Drug suspension lifted Barron heads to Q-School

By Doug FergusonNovember 15, 2010, 11:16 pm

Doug Barron had a marathon day of golf by his standards, leaving him more excited than he was exhausted.

Only a few months ago, he had no energy for anything, even after a long night of sleep. Last week in Houston, Barron played 18 holes in the wind at a mini-tour event, then drove 90 miles across town to play nine holes at Redstone Golf Club, where the second stage of PGA Tour Qualifying School starts Tuesday.

“It was great having my energy back,” he said in a telephone interview.

Now he’s trying to get his job back.

Barron, the first player suspended under the tour’s anti-doping policy, returns to the PGA Tour on Tuesday at Q-School, among those facing a long road back to the big leagues. For the 41-year-old Barron, his path includes an unprecedented detour.

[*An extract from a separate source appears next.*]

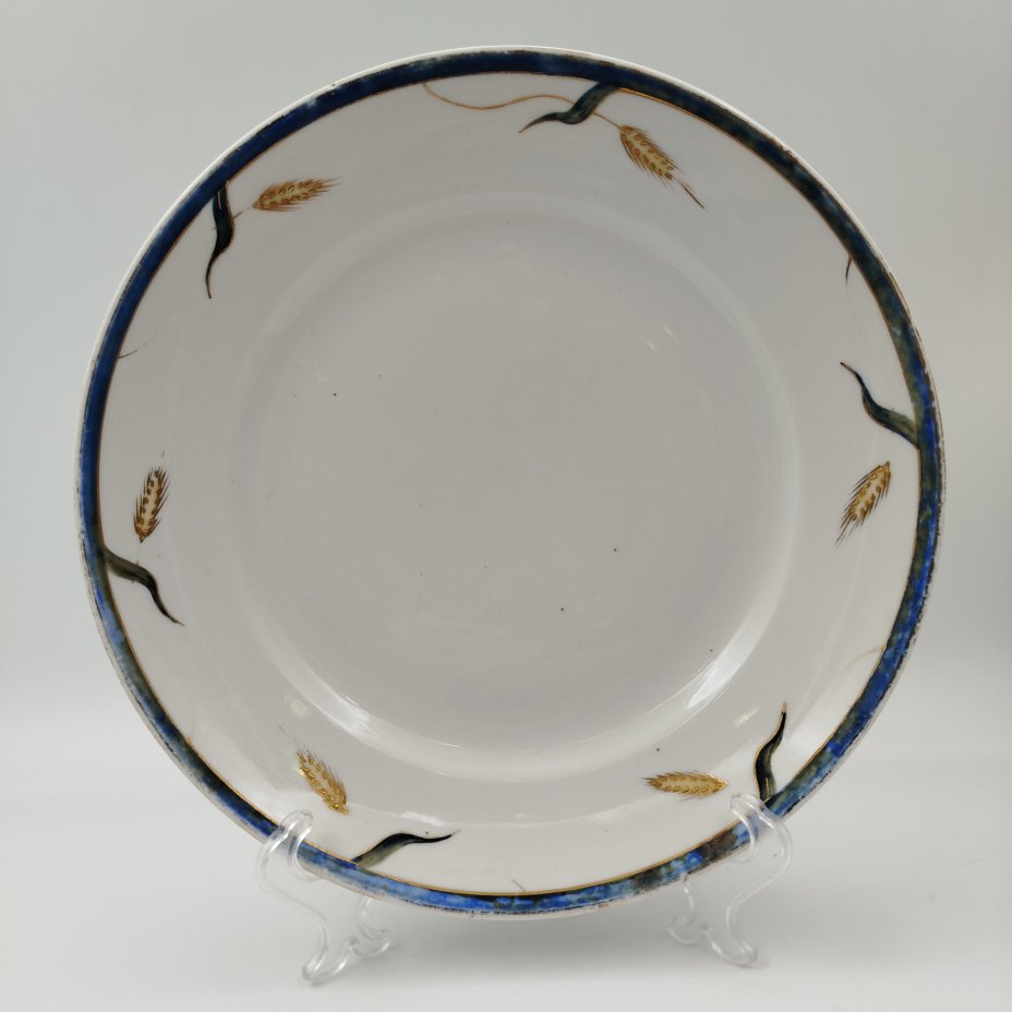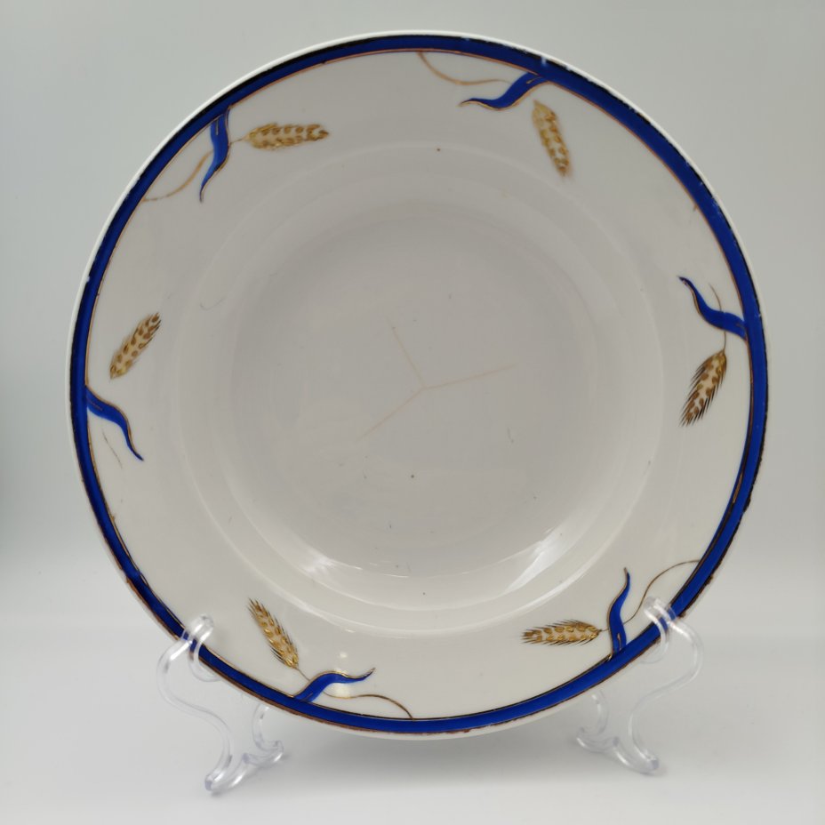 Набор обеденных тарелок "Золотые колосья" (обеденная и суповая), автор росписи Мысягин В.П., фарфор, роспись, золочение, Дулевский фарфоровый завод (Дулёво), СССР, 1951 г.

The one-year suspension was lifted in September, with Barron granted a therapeutic use exemption for low testosterone. He didn’t have the exemption last year at the St. Jude Classic, when he was randomly picked for drug testing at his only PGA Tour start. His lawsuit against the tour has been settled. All he wants to think about now is his golf.

“I’ve been preparing for this day for more than a year,” Barron said.

He did not resume taking testosterone until after he was approved for the exemption, and Barron says it has been “the best seven weeks of my life.” His strength and spirits restored, he set out to get back in golf shape before Q-School.

Instead of trying to Monday qualify for tour events, he went looking for competition on mini-tours, playing six times. He finished 13th in his last two-day tournament, earning $750. The previous event he was seventh and made $1,100.

“Vacation money for when I retire,” he said with a laugh.

There has been little to laugh about until recently.

The stunning news that a player had violated the tour’s doping policy was tempered by the fact it was Barron. He had played only eight full years on tour, never making more than $461,981 in any season. He is best remembered for taking his shirt off to play a shot out of the water at Innisbrook in 2006, exposing a physique that did little to persuade skeptics that golf is an athletic endeavor.

And that injection of testosterone he says he took three weeks before the St. Jude Classic?

“The idea that one shot could help someone out here is a joke,” he said.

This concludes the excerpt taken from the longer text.